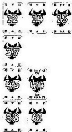
Fig. 2: Les quatre séries après le premier tour.

Le „14“ est la carte la plus faible. C'est elle qui sera la première à être déposée dans une rangée. Selon la règle n°1, elle ne peut être déposée que dans la première série, derrière le „12“. De même pour le „15“. Selon la règle n°1, la carte „44“ peut être déposée aussi bien dans la 1ère, que dans la 2ème ou la 3ème série. Mais, d'après la règle n°2, la règle de „la plus petite différence“, elle doit aller dans la 3ème série. D'après la règle n°2, la carte „61“ doit être déposée dans la quatrième série.
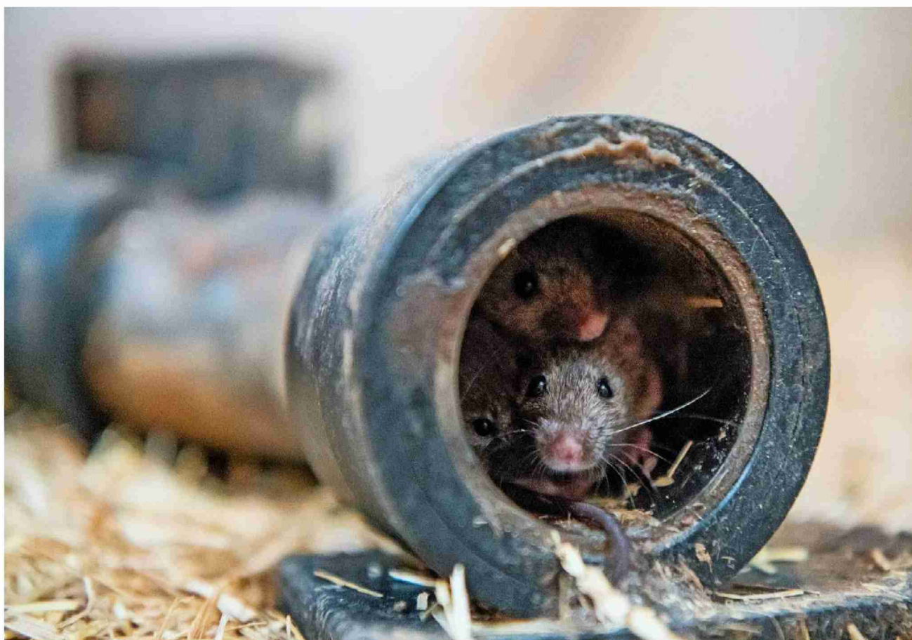
Die Mäuse schrecken heute vor Menschen weniger zurück als früher.

In einer langjährigen Studie mit Mäusen zeigen Biologen aus der Schweiz erstmals, wie wilde Tiere ohne menschliches Zutun zahm werden. Die Nager sind kleiner geworden und haben ein fleckiges Fell entwickelt.
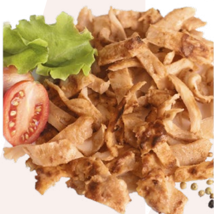
KEBAB DE POLLO LONCHEADO SIMON'S – 8X1KG.
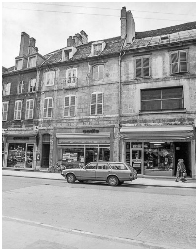
Façade sur rue, vue de trois quarts droit.
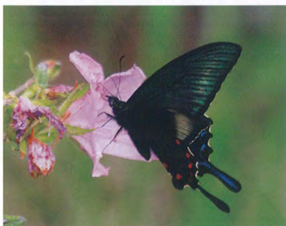
写真4. カラスアゲハ♂(2017年5月1日, モチツツジに訪花).
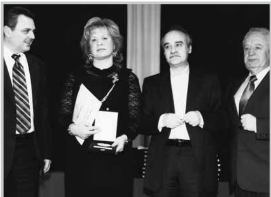
Ο βουλευτής κ. Θωμάς Ρομπόπουλος κατά την απονομή.
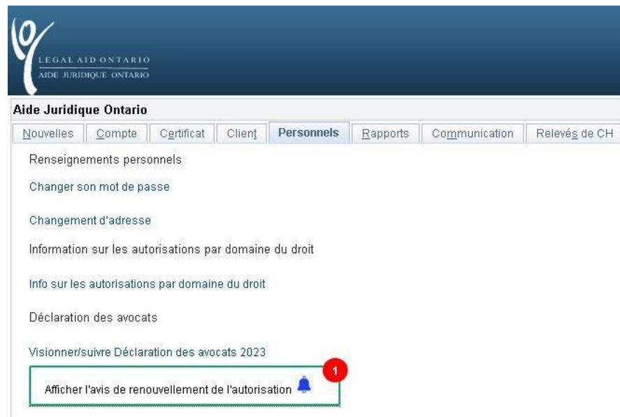
Figure 2 : Capture d'écran de la navigation dans Aide juridique en ligne mettant en évidence un avis pour les avis de renouvellement.
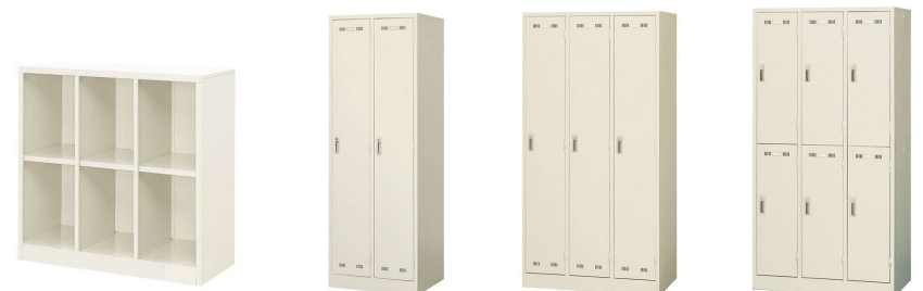
SL-6 LK-2 LK-3 LK-6
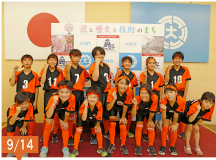
第9回九州ブロック親善ドッジボール大会(鹿児島県)に出場される、旭フェニックスの選手の皆さん。
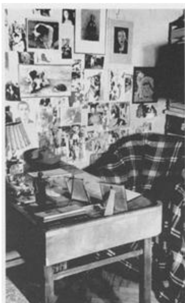
Рабочий стол в кабинете
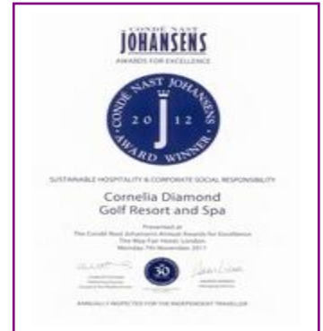
CONDE NAST JOHANSENS – WINNER (Sustainable Hospitality and Corporate Social Responsibility 2012)
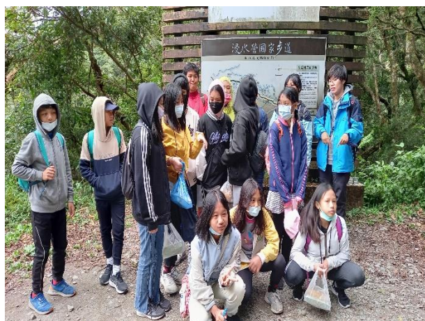
說明：浸水營古道踏查
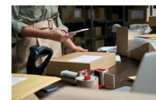
Transporte y logística
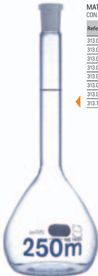
MATRACES AFORADOS VIDRIO CON TAPON PLASTICO, CLASE A, VIDRIO BOROSILICATO. AUTOCLAVABLES.
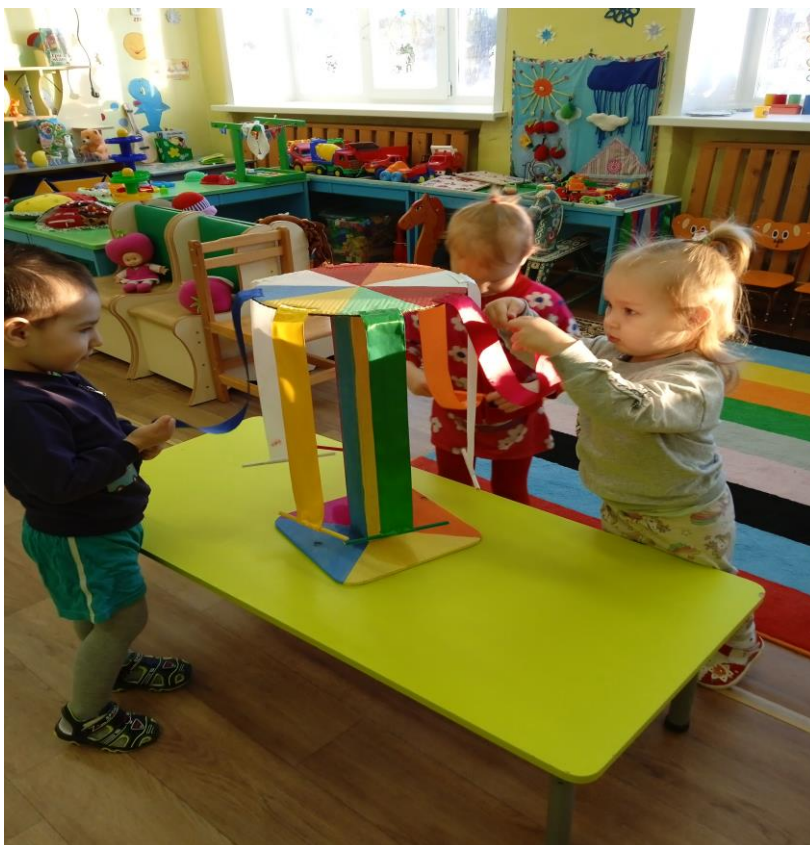
Ди « Разноцветные ленточки »
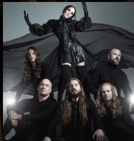
Die Freitag-Headliner Epica

T Festivalkarten waren bei Redaktionsschluss noch verfügbar: Sie kosten 129,99 € inklusive Camping, für Jugendliche nur 29,99 € (limitiert). Tagestickets gibts für 69,99 €. Kartenvorverkauf, das komplette Festivalprogramm und alle weiteren Infos unter www.dongopenair.de .
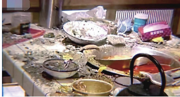
火锅店一块吊顶石膏脱落。
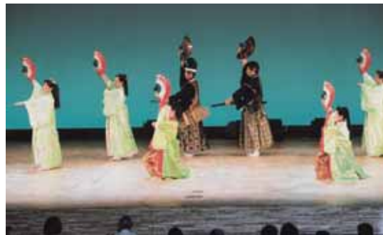
◀尾西市民会館にて

吟剣詩舞と聞くと、何かと取っ付きにくいイメージがあるかもしれませんが、近年は、古典ばかりではなく、童謡、日本の懐メロ、ポピュラーな曲も取り入れて皆様に親しんでいただこうと創意工夫をしています。
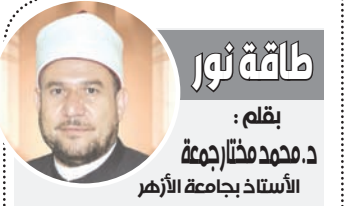
بمق: د.محمد مختار جمعة

أعلن حزب الله استهدافه أمس 4 مواقع إسرائيلية في مزارع شبعا، حيث استهدف موقع رئيسية القرن في مزارع شبعا اللبنانية المحتلة بالأسلحة الصاروخية وأصابه إصابة مباشرة.
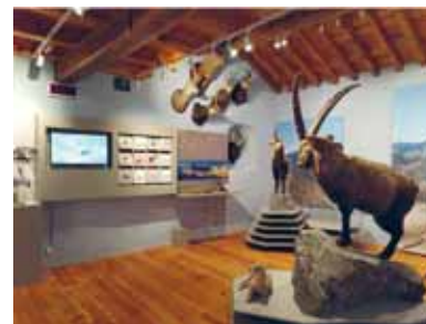
Museo Civico Alpino “A. Tazzetti” - Sala Vette
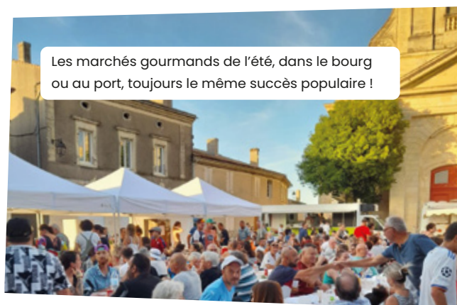
Les marchés gourmands de l'été, dans le bourg ou au port, toujours le même succès populaire !
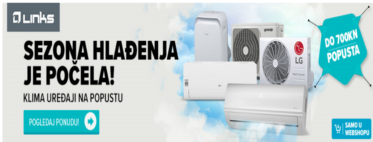
Slika 7. Oglas za Links (horizontalni banner)
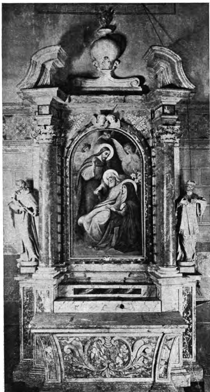
Sl. 6. Župna crkva Sv. Marije u Zagrebu. Oltar Sv. Josipa.
+--
-- INSTRUCTIONS FOR THE TASK --
Extract the run of lines beginning with the line that holds "T Festivalkarten waren" and ending at the last line of the data, inclusive. Exclude any pictures from the copy.

-- RESULT OF THIS EXERCISE --
T Festivalkarten waren bei Redaktionsschluss noch verfügbar: Sie kosten 129,99 € inklusive Camping, für Jugendliche nur 29,99 € (limitiert). Tagestickets gibts für 69,99 €. Kartenvorverkauf, das komplette Festivalprogramm und alle weiteren Infos unter www.dongopenair.de .
火锅店一块吊顶石膏脱落。
◀尾西市民会館にて

吟剣詩舞と聞くと、何かと取っ付きにくいイメージがあるかもしれませんが、近年は、古典ばかりではなく、童謡、日本の懐メロ、ポピュラーな曲も取り入れて皆様に親しんでいただこうと創意工夫をしています。
بمق: د.محمد مختار جمعة

أعلن حزب الله استهدافه أمس 4 مواقع إسرائيلية في مزارع شبعا، حيث استهدف موقع رئيسية القرن في مزارع شبعا اللبنانية المحتلة بالأسلحة الصاروخية وأصابه إصابة مباشرة.
Museo Civico Alpino “A. Tazzetti” - Sala Vette
Les marchés gourmands de l'été, dans le bourg ou au port, toujours le même succès populaire !
Slika 7. Oglas za Links (horizontalni banner)
Sl. 6. Župna crkva Sv. Marije u Zagrebu. Oltar Sv. Josipa.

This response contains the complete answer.